There is a disconcerting situation respecting the literature
listings and textual references, when they occur. There are some monographs
with numerous literature listings that have no correlation with the monograph
text (e.g., 34 unreferenced literature listings under wormwood). The situation
is further confounded by the fact that a number of literature citations do not
include the title of the publication, and some are incorrect: in both the ginger
and wormwood monographs, a paper by Marles et al. is cited as being "In:
JNP 55: 1044-1056, 1992". However, the JNP paper included me as an author
and has a different author list than that cited. In any event, ginger was found
not to inhibit serotonin release from blood platelets, the scientific focus
of the subject bioassay – and there is no indication in the wormwood monograph
of any relation to such function. In the case of feverfew, there are two references
to "Groenewegen, 1986" in the monograph text but the literature listing
notes two publications attributed to Groenewegen in 1986, both without
titles.
In addition to annoying misspellings – notably "partholide"

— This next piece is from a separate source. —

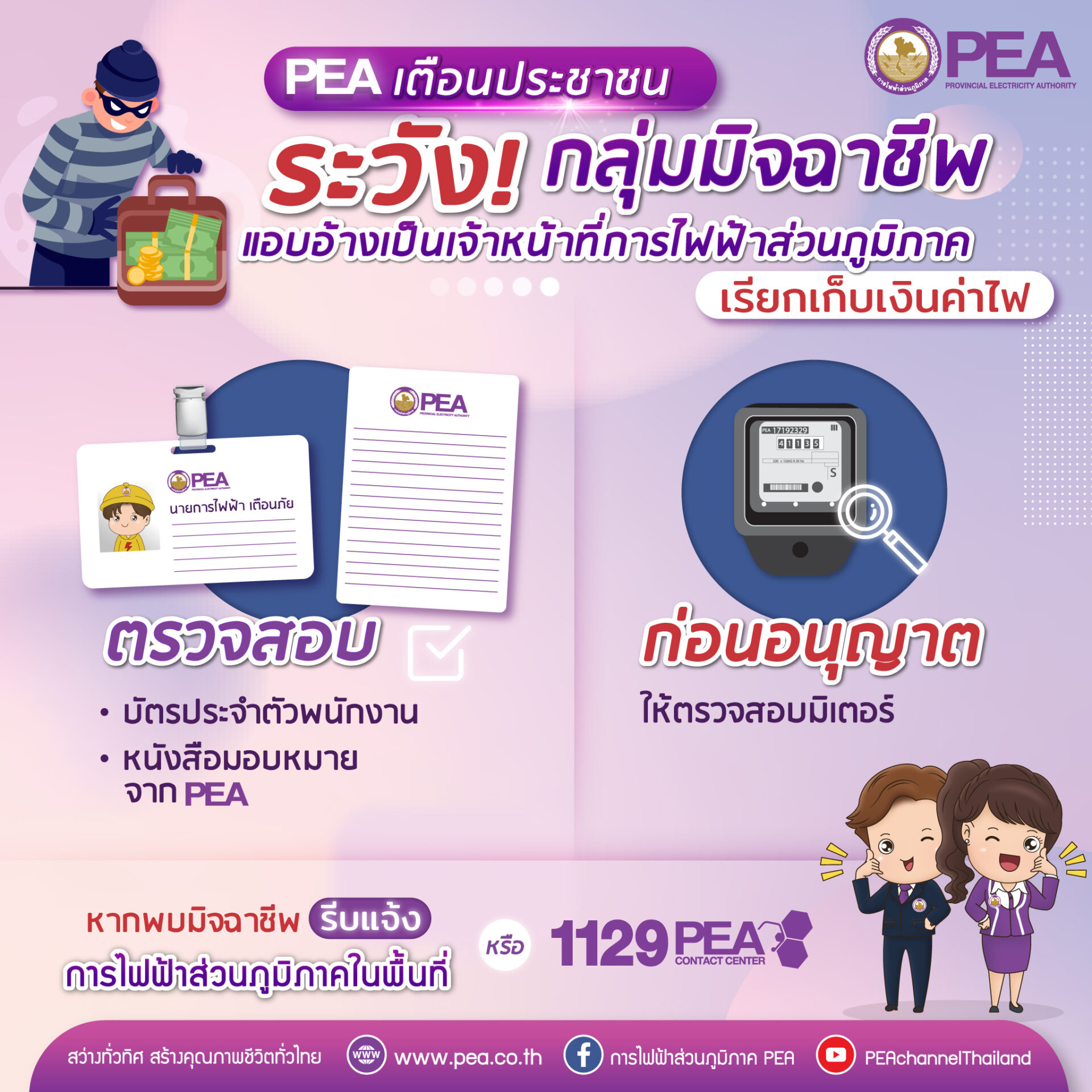 การไฟฟ้าส่วนภูมิภาค (PEA) ขอแจ้งเตือนประชาชนให้ระมัดระวังกลุ่มมิจฉาชีพ ที่แอบอ้างเป็นเจ้าหน้าที่ของการไฟฟ้าส่วนภูมิภาค ดำเนินการเรียกเก็บเงินค่าไฟฟ้าและเตือนอย่าหลงเชื่อกลุ่มมิจฉาชีพดังกล่าว พร้อมแนะนำให้ประชาชนเรียกตรวจสอบบัตรประจำตัวพนักงานของการไฟฟ้าส่วนภูมิภาคและหนังสือมอบหมายจากการไฟฟ้าส่วนภูมิภาค ก่อนอนุญาตให้เข้าตรวจสอบมิเตอร์ไฟฟ้าทุกครั้ง

repeatedly for parthenolide, which is particularly confusing to those unfamiliar
with feverfew chemistry, since secotanapartholide A is regarded as one of the
plant’s significant actives – more serious is the attribution of dominant
activity to parthenolide, especially regarding feverfew’s anti-migraine
effect. It is stated that "the usual standardization level is 0.2 percent
parthenolide content," but since 1996 it has been apparent that parthenolide
is not a significant contributor to feverfew’s migraine prophylactic effect.
In fact, the 0.2 percent parthenolide minimum was meant as an identity criterion,
established by the Canadian regulatory agency in an attempt to ensure similarity
to the clinically tested feverfew chemotype: at least two other feverfew sesquiterpene
lactone chemotypes contain no parthenolide. Finally, regarding feverfew drug
interactions, the statement that "there is a strong possibility that Feverfew
may interact with thrombolytics, anticoagulants and platelet aggregation"

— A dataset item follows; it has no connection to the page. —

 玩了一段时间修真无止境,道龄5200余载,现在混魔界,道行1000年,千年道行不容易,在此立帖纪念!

is simply not supported by recorded experience: no case of a bleeding problem
has ever been associated with feverfew use. Such speculation is based entirely
on in vitro laboratory observation of an anti-platelet aggregation effect.

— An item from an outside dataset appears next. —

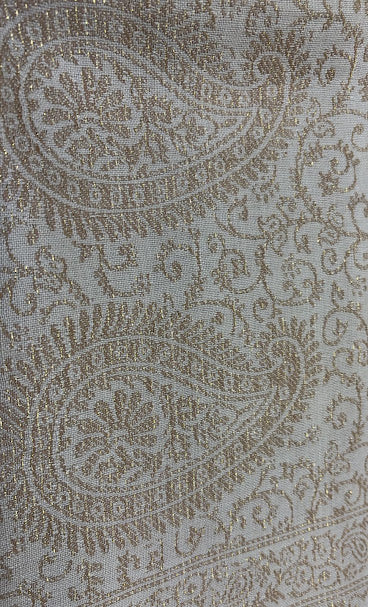 Encante-se com este tecido sofisticado, confeccionado com fibras de alta qualidade e detalhes em fios dourados que proporcionam um brilho elegante e discreto a sua textura suave e acabamento refinado tornam essa peça ideal para looks festivos, trajes sociais, artesanato de luxo ou decoração diferenciada.

The heading Ginseng, Panax ginseng, (Asian Ginseng)is followed by a list of Trade Names, which include "Siberian Ginseng…American
Ginseng Root…Standardized Siberian Ginseng Root….Siberian Ginseng
Power Herb…Eleuthero Ginseng Root, Siberian Ginseng Root." A later
listing is Siberian Ginseng, Eleutherococcussenticosus. The American
Herbal Products Association wisely recognizes eleuthero as the preferred common
name for E. senticosus,acknowledging, as the U.S. Congress
has recently, that only Panax species may legitimately be claimed to
be ginseng.
Under Actions and Pharmacology are listed protopanaxadiol ginsenosides,
"protopanaxytriol" [sic] ginsenosides, and oleanolic acid ginsenosides.
No mention is made of the significant panaxatriol ginsenoside Rg2,
and mentioned as oleanolic acid derivatives are ginsenoside Ro, chikusetsusaponin—V
and Rb1, Rb2, Rc, Rd, Re
and Rg1: Rb1, Rb2, Rc and Rd
are protopanaxadiol glycosides, while Re and Rg1 are protopanaxatriol
derivatives. Ginsenoside Ro is the only oleanolic acid derivative
present in Asian and American ginsengs; it is identical with chikusetsusaponin-V,
first identified in Japanese ginseng (P. japonicus).
In summary, while this very substantial volume contains much
useful factual information on a vast array of medicinal plants, its striking
deficiencies and extensive errors of both commission and omission seriously
limit its usefulness while promoting an inaccurate appreciation of many of the
more important and commercially prominent herbal preparations.